Exercise description: Starting with the line that holds "- 2026.3.23(월)~ 3.24(화)" and stopping after the line that holds "Розмір коробки ДхШхВ", repeat the lines below word for word, without the pictures.

Data for this task:
--------------------------------
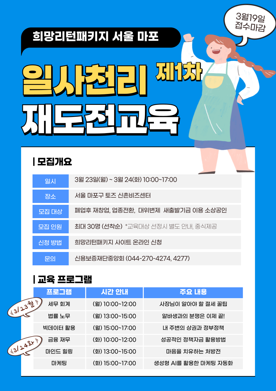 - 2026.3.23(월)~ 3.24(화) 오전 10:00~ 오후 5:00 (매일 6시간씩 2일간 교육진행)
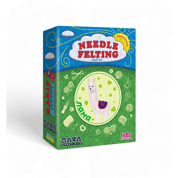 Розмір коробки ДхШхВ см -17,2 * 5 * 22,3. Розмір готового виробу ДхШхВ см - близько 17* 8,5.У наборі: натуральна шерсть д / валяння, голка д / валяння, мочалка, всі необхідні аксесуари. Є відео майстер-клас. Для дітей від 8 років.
--------------------------------
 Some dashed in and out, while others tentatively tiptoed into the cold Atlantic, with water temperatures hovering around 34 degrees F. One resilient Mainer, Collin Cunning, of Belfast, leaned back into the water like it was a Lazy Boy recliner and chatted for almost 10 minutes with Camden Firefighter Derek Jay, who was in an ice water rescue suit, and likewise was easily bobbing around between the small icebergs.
--------------------------------
Result below:
 - 2026.3.23(월)~ 3.24(화) 오전 10:00~ 오후 5:00 (매일 6시간씩 2일간 교육진행)
 Розмір коробки ДхШхВ см -17,2 * 5 * 22,3. Розмір готового виробу ДхШхВ см - близько 17* 8,5.У наборі: натуральна шерсть д / валяння, голка д / валяння, мочалка, всі необхідні аксесуари. Є відео майстер-клас. Для дітей від 8 років.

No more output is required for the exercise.